# What is this quilt pattern called? Picture heavy



## grannygardner (May 4, 2005)

I bought this full size quilt at Goodwill today and am wondering what the pattern is called.


----------



## tallpines (Apr 9, 2003)

I don't know the name of the pattern but I'm thinking it looks very much like one I bought from Penney's about 15 years ago.

It was one of those special sales where you could buy any size you needed for $29.99.


----------



## DW (May 10, 2002)

looks like ohio star but not sure.


----------



## sewing nana (Oct 18, 2002)

DW said:


> looks like ohio star but not sure.


 Thats what I think. No sure of one. enjoy...


----------



## grannygardner (May 4, 2005)

Thanks for the replies. I'm going to check some quilt pattern sites to see if I can find it. I'd like to try a lap quilt in that pattern. 

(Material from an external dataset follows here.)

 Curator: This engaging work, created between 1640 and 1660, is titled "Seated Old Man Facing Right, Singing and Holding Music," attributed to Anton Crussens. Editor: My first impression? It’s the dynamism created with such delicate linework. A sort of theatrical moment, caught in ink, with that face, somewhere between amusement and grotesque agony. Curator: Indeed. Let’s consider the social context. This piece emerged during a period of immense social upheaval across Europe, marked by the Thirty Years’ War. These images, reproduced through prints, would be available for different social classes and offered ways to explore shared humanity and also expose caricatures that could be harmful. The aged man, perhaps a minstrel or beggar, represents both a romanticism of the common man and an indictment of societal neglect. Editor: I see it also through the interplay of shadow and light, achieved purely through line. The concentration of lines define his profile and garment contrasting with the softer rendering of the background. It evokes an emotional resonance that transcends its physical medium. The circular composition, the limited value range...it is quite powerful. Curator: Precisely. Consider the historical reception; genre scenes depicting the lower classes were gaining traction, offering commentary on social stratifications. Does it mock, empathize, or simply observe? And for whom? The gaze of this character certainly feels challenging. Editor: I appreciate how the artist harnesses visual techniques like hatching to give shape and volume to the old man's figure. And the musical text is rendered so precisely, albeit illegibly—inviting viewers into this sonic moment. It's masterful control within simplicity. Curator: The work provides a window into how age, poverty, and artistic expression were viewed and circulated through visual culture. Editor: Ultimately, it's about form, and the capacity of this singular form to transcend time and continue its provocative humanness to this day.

The quilt is hand quilted, still has lots of loft and in perfect shape. With a $4.99 price tag I couldn't pass it up. With my 30% senior discount off the $4.99 I was even happier.


----------



## Delrio (Mar 11, 2007)

What a great deal granny and a beautiful quilt too!


----------



## Calico Katie (Sep 12, 2003)

Congratulations on a real find! It looks like a variation of a couple of different patterns. You might browse through this block library and see if you find something similar. The star pattern is a simple Lemoyne Star or 8 Point Star.

http://www.quiltblocklibrary.com/search.php


----------



## BusyBees2 (Dec 10, 2004)

The second one is a Lemoyne Star.

I'm not sure of the first.


----------



## grannygardner (May 4, 2005)

Thanks for the link Calico Katie. I love the star pattern but there are sure a lot of little triangles in it. 

I washed the quilt this morning and it is so pretty. It feels as if the batting is good quality batting. Now I'll be looking for some trim to put on a couple of pillow cases to go with the quilt. I don't use shams so much, just pretty pillow cases on the extra pillows on the bed.


----------